The Root Mean Squared Error of our forecasts (Linear) is 3.11


In [14]:
plot_time_series([(date,df_minus_day["AQI"],"Actual"),
                  (date,y_pred,"Polynomial"),
                  (date,y_lin_pred,"Linear"),
                  ],
                 f"AQI from {df_minus_day.Date[0]} to {df_minus_day.Date[len(df_minus_day)-1]}")

## Extra: 10 DAY !!!

### Preprocessing

Let 

X : AQI of 10 days ago

Y : AQI of day 11




In [15]:
DAY=10
y=df["AQI"][DAY:]
x=[]
for iter in range(len(df["AQI"])):
  if(iter+DAY == len(df["AQI"])): break
  x.append(df["AQI"][iter:iter+DAY])

x=np.array(x)
y=np.array(y)

print(f'Total number of x: {len(x)}')
print(f'Total number of y: {len(y)}')
print(f"Note: Is equal to dataset({len(df)}) - First {DAY} days")

Total number of x: 58
Total number of y: 58
Note: Is equal to dataset(68) - First 10 days


### Train Model


In [16]:
model = LinearRegression()
poly_features = PolynomialFeatures(degree=2, include_bias=False)
X=poly_features.fit_transform(x)
model.fit(X, y)

LinearRegression(copy_X=True, fit_intercept=True, n_jobs=None, normalize=False)

### Predict

In [17]:
y_pred = model.predict(X)
rmse = mean_squared_error(y_pred, y)**.2
print(f'The Root Mean Squared Error of our forecasts is {round(rmse, 2)}')

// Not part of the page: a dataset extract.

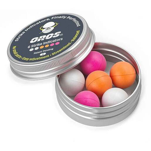 Oros Fly Fishing Screw-on Strike Indicator - 6 Pack - Oros strike indicators eliminate common indicator pain points. There are no small parts to fumble and lose. It's streamlined design is centered on the line for balanced casting. There is no exposed fastening hardware or posts sticking out to create drag or tangle line. The Soft-Lock design advantage Oros strike indicators feature patent pending Soft-Lock technology. The design encloses fastening hardware inside of two molded soft foam hemispheres. When closed, the hardware holds the line, while the foam hemispheres compress creating friction between the two hemispheres that keeps them from disengaging. Over-sized threads make securing it to the line effortless. Wet indicators are easier to use. Oros indicators are easier to grip and tighten down when they are wet. Water on the indicator creates more friction between your skin and the indicator. Water between the two hemispheres reduces friction between the two halves by up to 35%, making it easier to keep line in place. Features and details Does not kink the line Float as much or more weight than the current leading brands. Smooth surface developed to repel water and dirt, and create less drag while casting Made with a Biodegradable additive that accelerates biodegradation with prolonged exposure in natural environments, not in normal use Strike indicator top and bottom colors can be mixed or matched by anglers for optimal visibility Recommended line weights and Sizes Large - 1.0in - 3X or lower Medium - 0.8in - 4X or lower Small - 0.6in - 5X and lower
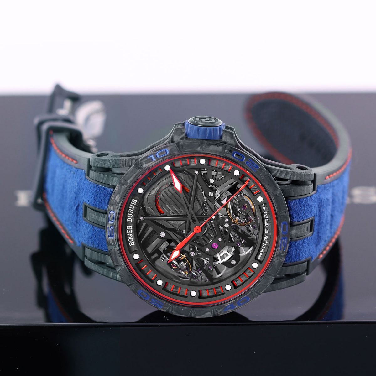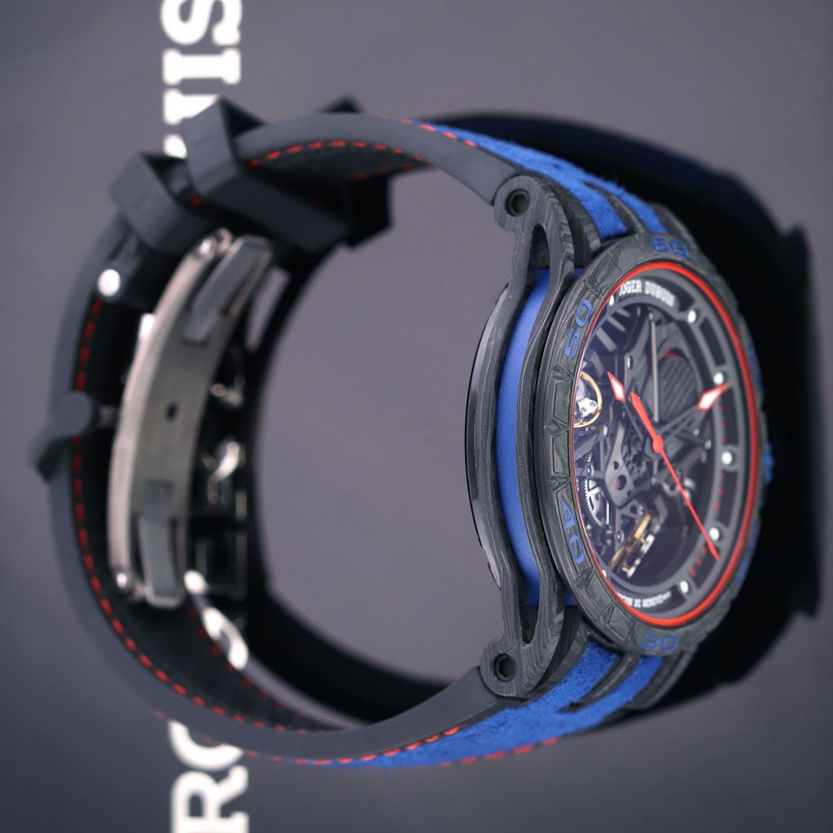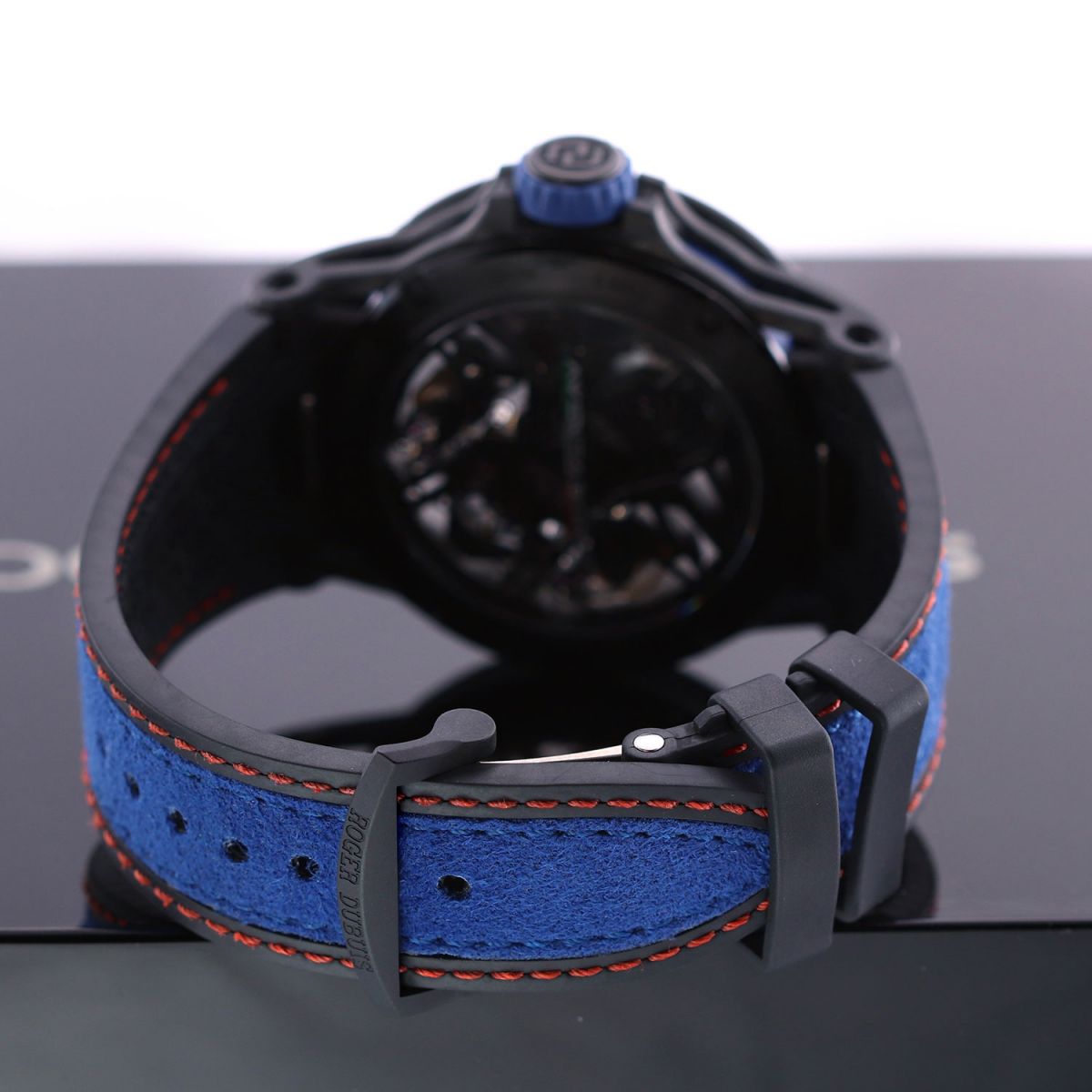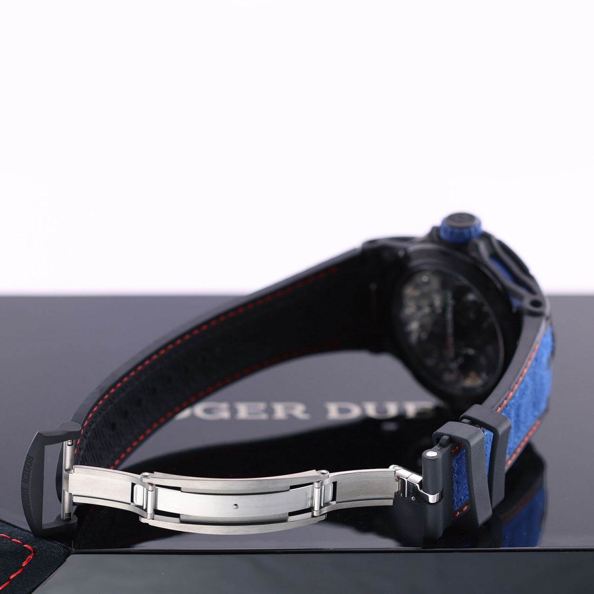 - Fitted on its original Roger Dubuis black rubber with blue Alcantara® inlay with a butterfly style black DLC coated titanium deployant buckle. The strap is papers brand new & unworn with its full wear lifespan remaining.

The Root Mean Squared Error of our forecasts is 0.0


In [18]:
df_minus_day = df[DAY:].reset_index(drop=True)
#convert date to datetime for plot
date = list(map(lambda d : datetime.datetime.strptime(d, '%d-%b-%y'),df_minus_day["Date"]))
plot_time_series([(date,df_minus_day["AQI"],"Actual"),
                  (date,y_pred,"Predict")],
                 f"AQI from {df_minus_day.Date[0]} to {df_minus_day.Date[len(df_minus_day)-1]}")